Required work:
In the listing that follows, the range to quote begins at the line that has "Sèquia de Vinamargo" and ends after the line that has "平成27年度 生命保険協会沖縄県協会 福祉物品(AED)寄贈式"; quote it verbatim and add nothing.

Data:

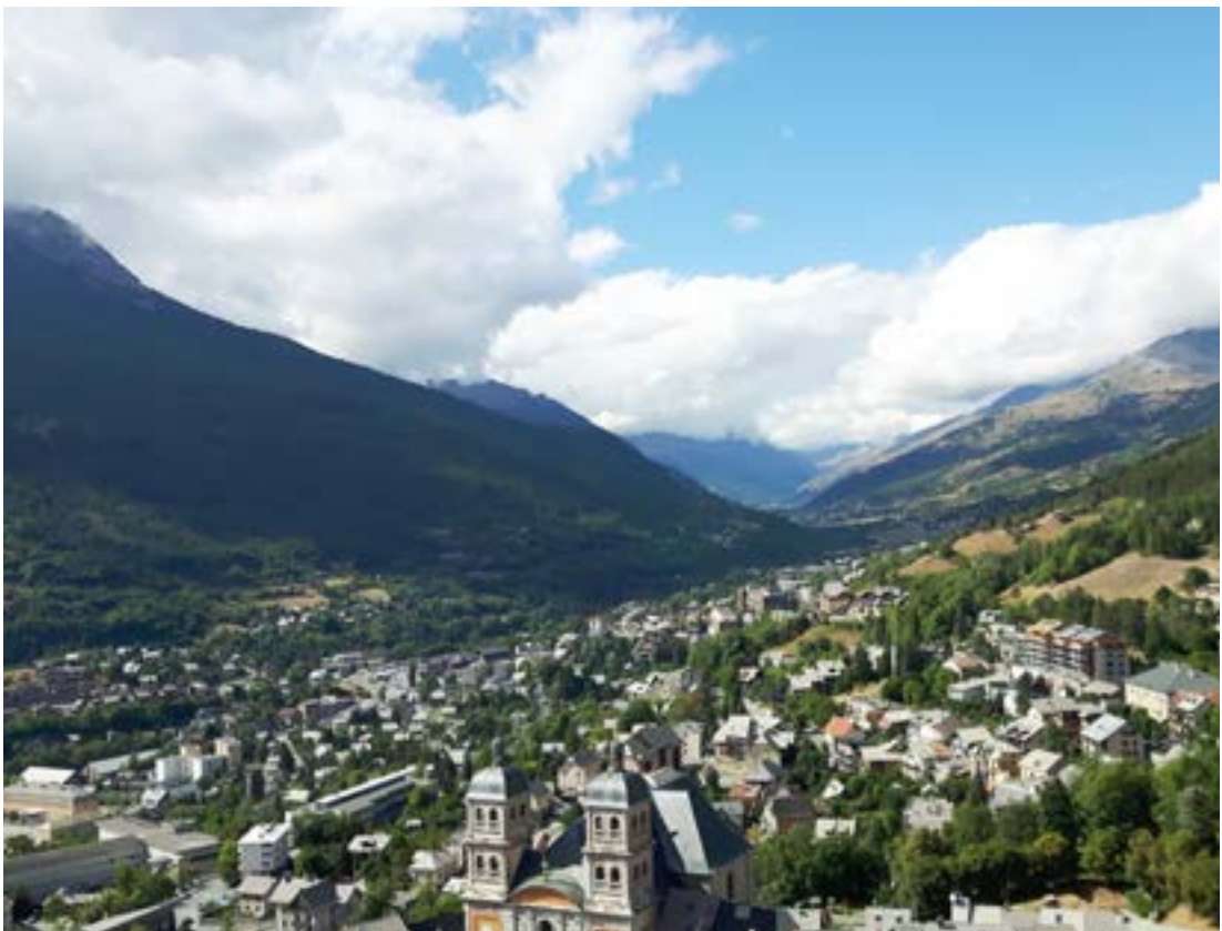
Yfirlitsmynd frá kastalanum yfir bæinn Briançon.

==

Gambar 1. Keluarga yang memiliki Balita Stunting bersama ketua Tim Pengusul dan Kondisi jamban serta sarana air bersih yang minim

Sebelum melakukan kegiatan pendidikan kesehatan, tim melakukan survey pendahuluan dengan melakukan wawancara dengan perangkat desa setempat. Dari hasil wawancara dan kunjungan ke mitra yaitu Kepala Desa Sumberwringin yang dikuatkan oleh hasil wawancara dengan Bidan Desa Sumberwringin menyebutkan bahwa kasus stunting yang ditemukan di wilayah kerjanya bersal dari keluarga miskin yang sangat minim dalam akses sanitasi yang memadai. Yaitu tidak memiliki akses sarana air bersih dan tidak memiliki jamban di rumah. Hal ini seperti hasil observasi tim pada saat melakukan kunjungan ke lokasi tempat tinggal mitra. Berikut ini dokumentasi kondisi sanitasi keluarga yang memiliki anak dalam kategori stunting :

--

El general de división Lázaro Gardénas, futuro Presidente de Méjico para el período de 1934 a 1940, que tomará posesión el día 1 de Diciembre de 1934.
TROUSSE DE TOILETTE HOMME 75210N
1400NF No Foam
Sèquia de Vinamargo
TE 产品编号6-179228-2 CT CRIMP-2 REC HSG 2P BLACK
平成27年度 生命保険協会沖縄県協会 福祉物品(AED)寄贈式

Task solution:
Sèquia de Vinamargo
TE 产品编号6-179228-2 CT CRIMP-2 REC HSG 2P BLACK
平成27年度 生命保険協会沖縄県協会 福祉物品(AED)寄贈式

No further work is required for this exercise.